Table 1 shows the socio-demographic and clinical factors of the 201 participants in this study broken down by whether or not they had MDD. Overall MDD prevalence was 62 (30.8%). More than half of the participants came from TASO Masaka and participants from Masaka were more likely to have MDD than participants from TASO Entebbe (41.1% vs. 18.1%). Almost 80% of participants were female and female participants had a slightly higher prevalence of MDD than male participants (32.5% vs. 24.4%). About one third of participants were aged 18–29 years, one third were aged 30–39 and one third were aged 40 or over. There was no clear trend of MDD with age. Almost two thirds of participants had primary level as the highest level of education, while almost one quarter had secondary or higher education; those with secondary or higher education had a lower prevalence of MDD than those with primary or no education.
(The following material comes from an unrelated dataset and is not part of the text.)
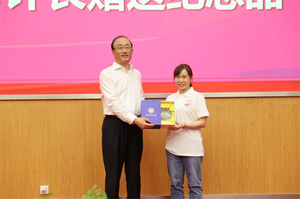 来自越南最高审计机关的黎冬菊(Le Dong Cuc)同学代表全体获奖学生向侯凯审计长赠送纪念品。

Half of the participants were currently married; the prevalence of MDD was highest among the widowed and lowest among the currently married. Over half of the participants were Catholic; there was no clear pattern of MDD varying between different religions. Almost 37% of participants worked as traders, artisans or in the transport sector, with a further 30% involved in farming or fishing. MDD was highest among participants who were unemployed or retired. The prevalence of MDD decreased with increasing socio-economic status. About one quarter of participants had a baseline CD4 count of below 350 cells/μl (and thus qualified for ART under the then prevailing ART guidelines) with a further quarter having CD4 counts between 350 and 499 cells/μl. There was no clear pattern of MDD increasing or decreasing with CD4 count.
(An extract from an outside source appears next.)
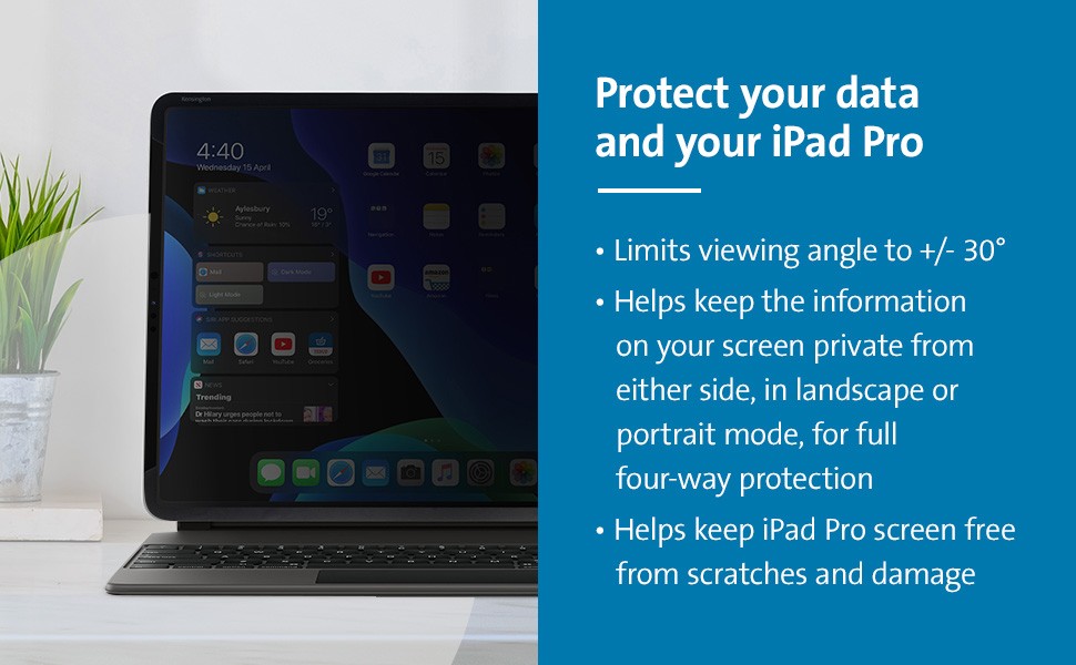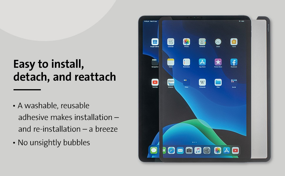The SA11 Privacy Screen for iPad Pro 11” helps protect your privacy, simply and easily. A washable, reusable adhesive makes installation — and re-installation — a breeze, with no unsightly bubbles. Protects privacy by limiting viewing angle to +/- 30° in landscape and portrait mode for full four-way protection. Reduces harmful blue light by up to 22%, diminishes glare, improves clarity, and protects from scratches and damage. Includes a cleaning cloth and acrylic storage solution to help keep it lint and dust free when not in use.

Figure 1 shows the bivariate associations between the inflammatory proteins and MDD. The IL-6 concentration was significantly higher among MDD participants compared to those without MDD (p < 0.0001; Median 22.4 pg/ml for MDD participants n = 62 and 5.762 pg/ml for participants with no MDD n = 139; Fig. 1B). There was a trend suggesting higher TNF-α concentrations among MDD participants compared to those without MDD (p = 0.0765; median 22.98 pg/ml for MDD participants n = 62 and 12.41 pg/ml for participants with no MDD n = 139; Fig. 1C). There was no trend between CRP and MDD (p = 0.7499; Fig. IA).
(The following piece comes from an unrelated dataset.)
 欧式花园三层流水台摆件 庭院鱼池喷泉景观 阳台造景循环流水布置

According to Table 2, participants in Masaka were more likely to have MDD than those in Entebbe. There was no evidence that gender, age or education level influenced MDD. Adjusting for the confounders there was no evidence that MDD was associated with the level of CRP. IL-6 and TNF-α were associated with MDD (Table 2) in that the odds of MDD increased with increasing IL-6, but in a non-linear fashion. Having any TNF-α decreases the odds of MDD, but as the level of TNF-α increases, the odds of MDD increase. Participants with low levels of TNF-α showed reduced risk of MDD compared to participants with no TNF-α, but as the level of TNF-α increase, the risk of MDD increases, and in particular participants with high levels of TNF-α (of 500 or above) were at a significantly increased risk of MDD. In summary, the odds of MDD increased with increasing levels of IL-6; participants with low levels of TNF-α were at reduced risk of MDD compared to participants with no TNF-α, but as the level of TNF-α increased, the risk of MDD increased, and in particular participants with high levels of TNF-α (of 500 or above) were at a significantly increased risk of MDD.